Par leurs procédures techniques, et leurs catégories abstraites, ces sciences ont favorisé, au temps du structuralisme, une vague de théorisation dont il a appartenu au plus sage de montrer les limites, les dangers et le déclin programmé. Georges Lerbet appartient foncièrement à ce moment réflexif et, en ce sens, il est plus un critique des sciences humaines, dans leurs prétentions tour à tour positivistes et réductionnistes, qu’un chantre de leur pouvoir. Il a eu raison. L’histoire est passée, les sciences humaines sont restées à l’état fragmentaire et leurs prévisions libertaires sur le devenir de nos sociétés se sont abîmées dans une conscience malheureuse dont elles ne sont pas prêtes de se relever. 

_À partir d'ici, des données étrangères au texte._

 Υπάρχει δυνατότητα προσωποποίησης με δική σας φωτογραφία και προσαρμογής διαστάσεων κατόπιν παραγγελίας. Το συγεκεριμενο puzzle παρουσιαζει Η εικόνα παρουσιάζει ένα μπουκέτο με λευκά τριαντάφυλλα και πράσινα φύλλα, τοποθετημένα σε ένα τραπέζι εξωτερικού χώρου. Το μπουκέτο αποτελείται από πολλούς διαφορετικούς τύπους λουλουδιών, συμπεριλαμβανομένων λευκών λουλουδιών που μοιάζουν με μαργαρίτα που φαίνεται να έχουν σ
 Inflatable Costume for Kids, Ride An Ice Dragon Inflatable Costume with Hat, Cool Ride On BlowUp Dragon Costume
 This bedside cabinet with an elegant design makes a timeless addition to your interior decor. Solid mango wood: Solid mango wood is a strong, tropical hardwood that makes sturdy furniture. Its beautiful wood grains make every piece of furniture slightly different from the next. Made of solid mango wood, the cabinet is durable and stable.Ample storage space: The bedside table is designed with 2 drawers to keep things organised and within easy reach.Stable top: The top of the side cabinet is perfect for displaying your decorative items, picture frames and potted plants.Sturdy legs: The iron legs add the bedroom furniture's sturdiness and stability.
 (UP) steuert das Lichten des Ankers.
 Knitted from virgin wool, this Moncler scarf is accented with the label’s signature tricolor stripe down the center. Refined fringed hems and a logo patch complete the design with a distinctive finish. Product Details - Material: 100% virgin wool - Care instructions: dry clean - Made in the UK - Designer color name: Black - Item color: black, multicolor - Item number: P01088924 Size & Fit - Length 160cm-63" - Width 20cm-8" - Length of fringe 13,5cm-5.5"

Mais Georges Lerbet disposait d’une lucidité et d’une culture que la vie des loges maçonniques avait contribué à faire mûrir. Il est, dans ce domaine, à la fois un anthropologue très informé de la vie initiatique et un philosophe de la Maçonnerie qui cherche dans l’expérience des loges autant de points de départ pour juger les difficultés des sociétés contemporaines. Le témoignage qu’il nous laisse, qu’il s’agisse de ses essais sur Spinoza ou de sa réflexion sur la perte d’identité dans la Maîtrise, repose sur l’idée acquise dès les années 30, mais lentement vérifiée dans toutes les pratiques humaines, que nous sommes, en tant qu’hommes, confrontés à une incomplétude structurale de notre savoir. 

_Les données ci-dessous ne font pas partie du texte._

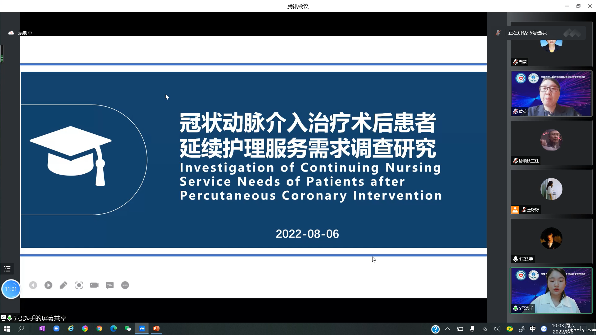 本次论坛论文征集及评选过程分为三个阶段,包括院校择优推荐、论文初审、线上交流汇报与评奖。经过层层遴选,最终8篇论文进入线上交流环节,汇报学生的选题关注当下护理教育、临床护理、公共卫生领域的热点问题,研究对象广泛,涉及患者、护生、临床医学专业学生、医生、护士等群体,除综述外多数论文为实证研究,在全面汇报与展示的基础上,汇报学生逐一回答点评专家的提问。各位专家评委就研究意义与价值、文献检索的规范、研究对象的纳排标准、量表的信效度、样本量的计算、数据收集及质量控制、统计学方法的合理性等方面,与汇报者进行了深入交流讨论和悉心指导。
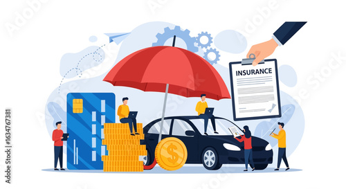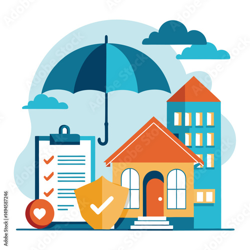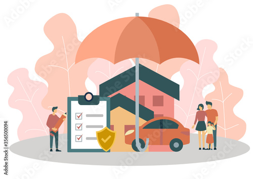 House and car under umbrella, under reliable protection of insurance policy, flat vector illustration. Property insurance services.
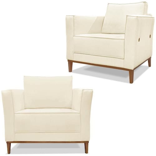 Kit 2 Poltronas Decorativas Balli Pes Madeira Linho Perola Ezz Perola
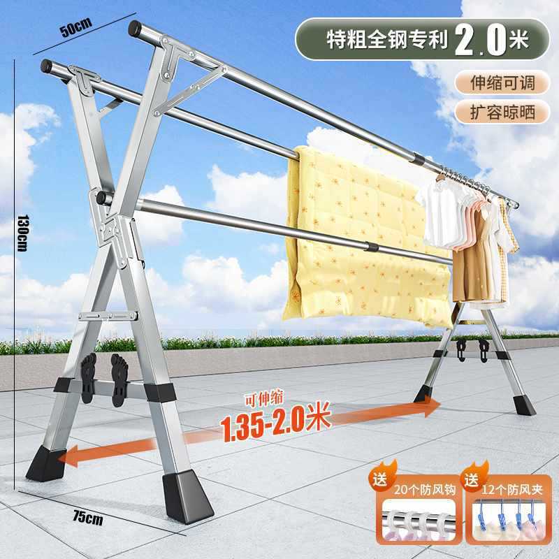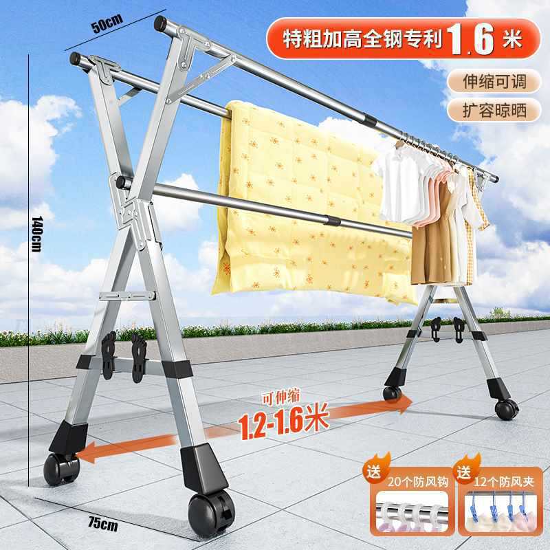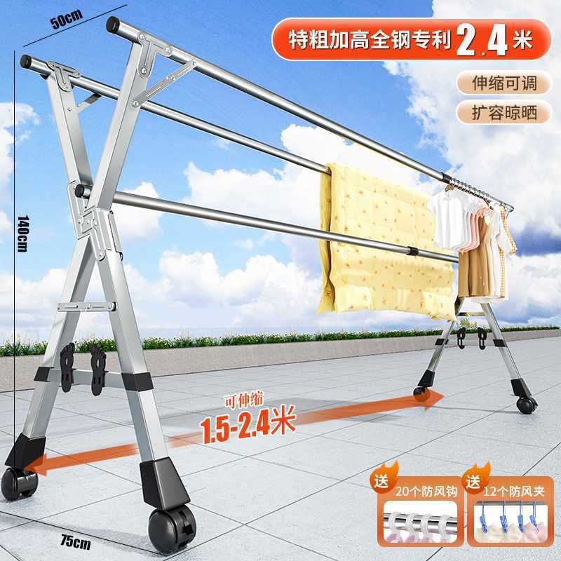 접이식 옷 랙 바닥 실내 가구 발코니 침실 스테인레스 스틸 야외 멋진 망원경 막대 유형 태양 건조 퀼트 Zhao Zhili

Qu’il s’agisse de la certitude que nous sommes mortels ou de la forme de nos systèmes d’explication, aucune image narcissique de soi ne peut arrêter le processus d’ouverture auxquelles nos séries mentales sont confrontées. Qui dit incomplétude dans le principe, nomme par le fait son ombre portée dans le domaine des objets : la singularité. C’est pourquoi nous devons nous préparer à une conception nouvelle de la rationalité, capable d’intégrer l’indéfinissable dans les principes comme dans les êtres singuliers, que nous le rencontrions sous la forme de limites systémiques, d’événements traumatiques ou d’affects indicibles. Or la Franc-Maçonnerie, d’après Georges Lerbet, apporte une contribution capitale à ce programme.
Tout d’abord, par le motif de la Parole perdue, la Maçonnerie appartient depuis sa naissance à une culture de l’incomplétude et il lui revient de contribuer à une tâche de libération sociale en tournant la fine pointe de ce non-savoir sur les assurances des savoirs. Mais d’un autre côté, par le jeu des obédiences, des titres et des décorations symboliques, le travail maçonnique est sans cesse sur le point de perdre son propre apport à la constitution d’une humanité libérée de la nostalgie des dogmes. Il faut donc faire jouer en permanence la Maçonnerie contre elle-même, afin de donner toutes les chances éducatives et formatrices qu’elle recèle dans sa tradition. 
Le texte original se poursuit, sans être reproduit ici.